Using command-line options

Most programming languages a capable of reading arguments provided in the command-line. Rust uses these method to allow users to provide options specific to a script in the configuration file.

from argparse import ArgumentParser

parser = ArgumentParser()
parser.add_argument("name")
parser.add_argument("age", type=int)
args = parser.parse_args()
print(f"You are {args.name} and you are {args.age} years old.")

One can then provide arguments in their configuration file like this:

[scripts]
base-path = "scripts"
pre = [
  { run = "helloworld.py", with = "python", args = ["John Doe", "42"] }
]

Remember to document the arguments somewhere.

Parsing Libraries

LanguageLibrary
Luaargparse
NodeJSparseArg (std)
Pythonargparse (std)
Rubyoptparse (std)

Using [metadata]

Another less recommended approach is the usage of the [metadata] section in the configuration file.
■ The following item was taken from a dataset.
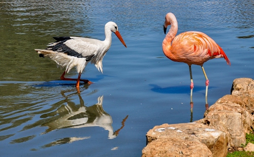 Foto dell'autore Diana Cocco candidata al contest fotografico contrasto su Dizy. Data inserimento: sabato 29 febbraio 2020. Titolo: Contrasto tra Cicogna e Flamingo
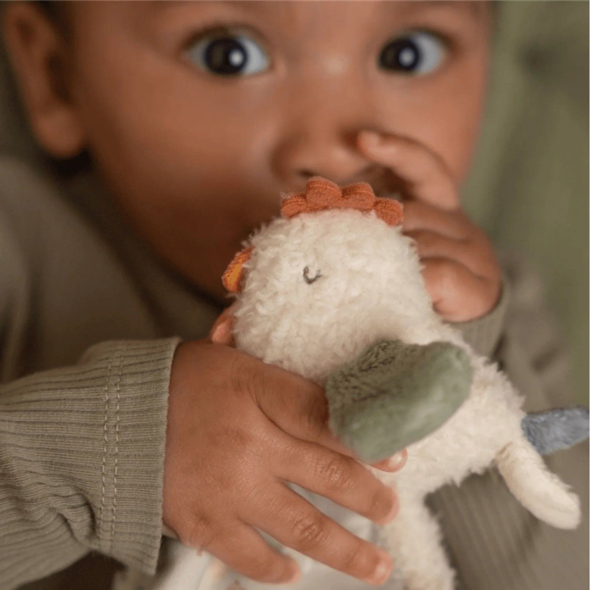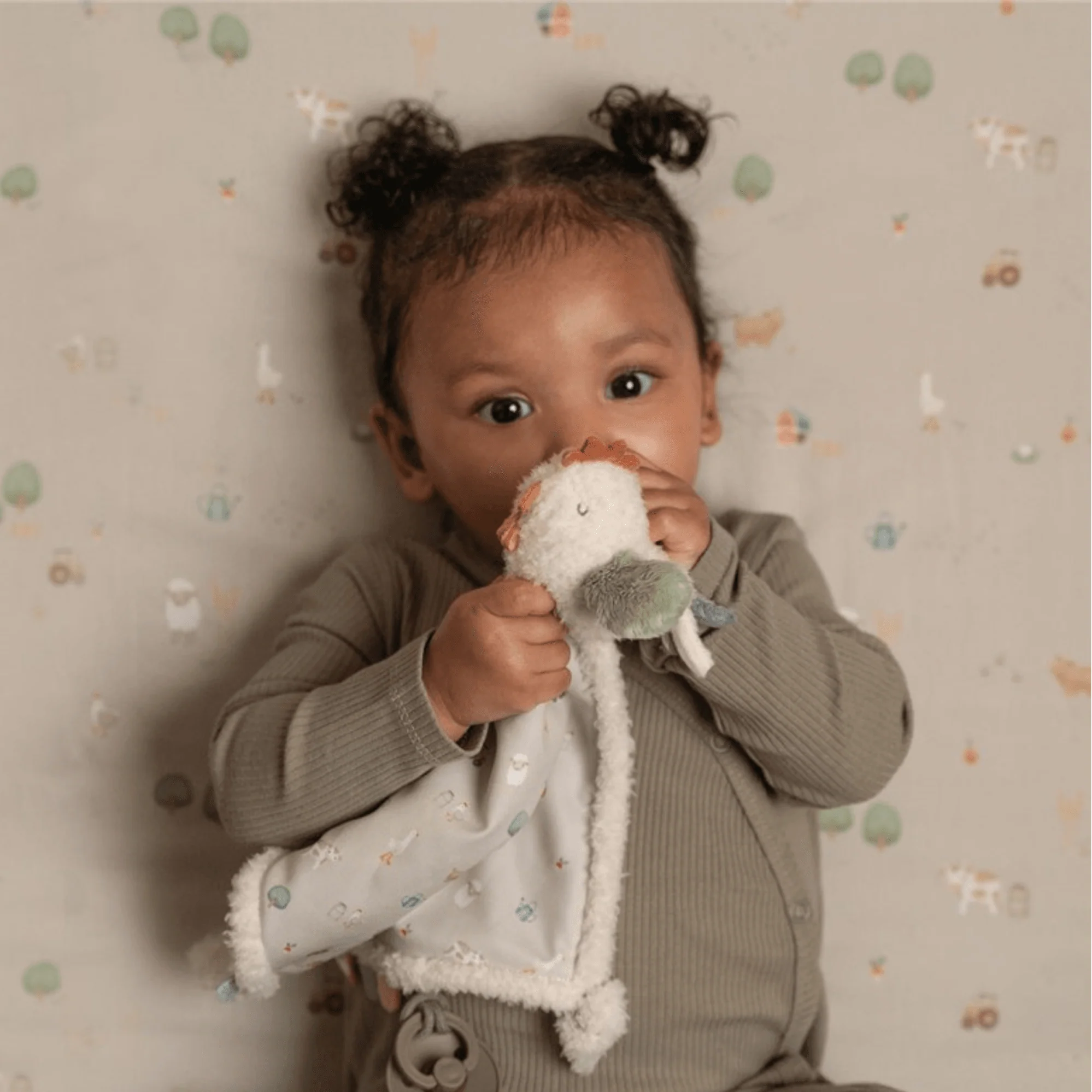 A los bebés les gusta tener este reconfortante doudou para abrazar al alcance de la mano en el parque infantil o en el cochecito. Esta impreso con nuestro diseño Little Farm y ofrece muchos detalles divertidos para descubrir, como lindas etiquetas que estimulan los sentidos y un lazo de algodón para sujetar fácilmente un chupete o anillo de dentición. La suavecita gallina le da un toque divertido a este doudou.

It is designed to be used by external programs but parsing TOML is less supported than parsing command-line arguments in many programming languages.

import os
from pathlib import Path
import tomllib

config_file = Path(os.environ["ALLAY_CONFIG"])
with config_file.open("rb") as f:
    data = tomllib.load(f)["metadata"]["helloworld"]

print(f"You are {data['name']} and you are {data['age']} years old.")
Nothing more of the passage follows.